- Episode no.: Season 5 Episode 12
- Directed by: P. J. Pesce
- Written by: Alison Schapker
- Production code: 3X7512
- Original air date: January 18, 2013

Guest appearances
- Michael Kopsa as Captain Windmark; Lance Reddick as Phillip Broyles; Seth Gabel as Lincoln Lee; Michael Cerveris as September; James Kidnie as the Commander;

Episode chronology
| ← Previous "The Boy Must Live" | Next → "An Enemy of Fate" |
- Fringe season 5

= Liberty (Fringe) =

"Liberty" is the twelfth episode of the fifth season of the Fox science-fiction/drama television series Fringe, and the show's 99th and penultimate episode. It aired on January 18, 2013, with the series finale, "An Enemy of Fate", in the United States on Fox and in the UK and Ireland on Sky1.

==Plot==
After Michael gives himself up to Captain Windmark, he is taken to a security facility on Liberty Island, where Windmark attempts to study Michael. Windmark finds the boy's mind impossible to read and orders more invasive diagnostics to determine what Michael is. Discovering that the boy's intelligence exceeds that of the Observers while his emotional capacity exceeds that of standard humans, Windmark returns to 2609 to suggest to his superior that they destroy the child to protect themselves, but instead is told to simply "disassemble" the boy for future study.

Broyles learns of Michael's location and relays it to the Fringe team, but cautions them that the facility is nearly impossible to infiltrate. While brainstorming, Olivia suggests that she be re-injected with Cortexiphan to let her cross over to the parallel universe, travel to Liberty Island there, cross back and retrieve Michael, and then repeat these steps to get back safely. However, Peter worries about the effects of re-dosing Olivia with potentially lethal levels of the drug, while Walter is concerned with the unknown condition of the parallel universe. Astrid suggests using the window ("Peter") to determine the state of the parallel universe, and through this, they find that there are no signs of the Observer invasion there, giving Olivia's plan credibility.

While September returns to the lab to start assembly of the device to send Michael into the future, the Fringe team goes to an underground safehouse to prepare Olivia for crossing over. Walter administers four doses—one for each expected crossing—despite the harm it does to her. As the drug takes effect, Peter and Walter have a discussion about the nature of sacrifice. When Olivia recovers from the injections, Walter warns her of how long she has and that jumping too fast will cause rapid withdrawal symptoms.

Olivia jumps near the site of the parallel-universe Fringe Division building, where she is met by her doppelganger and current leader of Fringe Division, Fauxlivia, and her former partner from the prime universe, Lincoln Lee; the two have since married and have a son. They arrange transport to Liberty Island and take her to the coordinates they believe Michael is being kept at; Olivia crosses over but finds too late that the boy is being taken to surgery, while she herself starts experiencing double visions of the two universes. She fights her way through Observers, and stops the operation in time, with Michael smiling at the sight of her. With the boy, Olivia crosses back over, where Fauxlivia and Lincoln help to stop an Observer who followed her back across. Olivia thanks them for their help and crosses back over at Battery Park with Michael.

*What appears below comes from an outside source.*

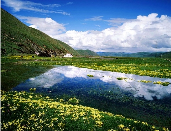 青藏高原是一個未開墾的純潔之地,它的自然、人文風貌神秘而誘人。這一片二千公頃净土,遠離工業污染,周圍是一個個巨大湖泊和由斷塊陷落而形成高原盆地,無際草原綠色風絮,孕育著茂密的原始森林和豐富的動植物。難怪青藏腹地被聯合國教育科學及文化組織登錄為世界四大零污染的土地。

In the conclusion, Windmark discovers that Broyles has relayed Michael's location to the Fringe team. Meanwhile, September has completed the device, but one component fails to work. He goes to December, and requests a favor.

==Production==
The episode was written by co-executive producer Alison Schapker, marking her third credit of the season. Schapker wrote a total of ten episodes over the entire series run. The episode was directed by P. J. Pesce, his second directing for the series after previously directing "An Origin Story".

==Themes and analysis==
The concept of liberty was a prominent theme of the episode, as seen through the use of the Statue of Liberty and the episode's title.

==Reception==
===Ratings===
The combined showing of "Liberty" and "An Enemy of Fate" earned Fringe its highest ratings for the season, with 3.2 million viewers and a 1.0 rating for adults 18-49.

===Reviews===
Ramsey Isler of IGN gave "Liberty" a very positive review, calling it "an episode that showcased just how good this show can be when it's at the top of its game." Isler thought the plot ideas were "executed perfectly", and enjoyed the return of Broyles. Isler also enjoyed seeing the alternate universe one more time, but felt it was too short-lived. Isler gave the episode a score of 9.1 out of 10. After the conclusion of the series, Isler later named the episode the 10th best episode of Fringe, saying it "is an episode that pulls off the clever trick of being action-oriented while enhancing the story through a subtle metaphorical theme." Noel Murray of The A.V. Club said the episode "takes a while to get going, though it ramps up considerably in its second half." Murray called the second half "much more exciting", and the Michael rescue scene "genuinely suspenseful". He gave the two-part finale a collective grade of an "A−".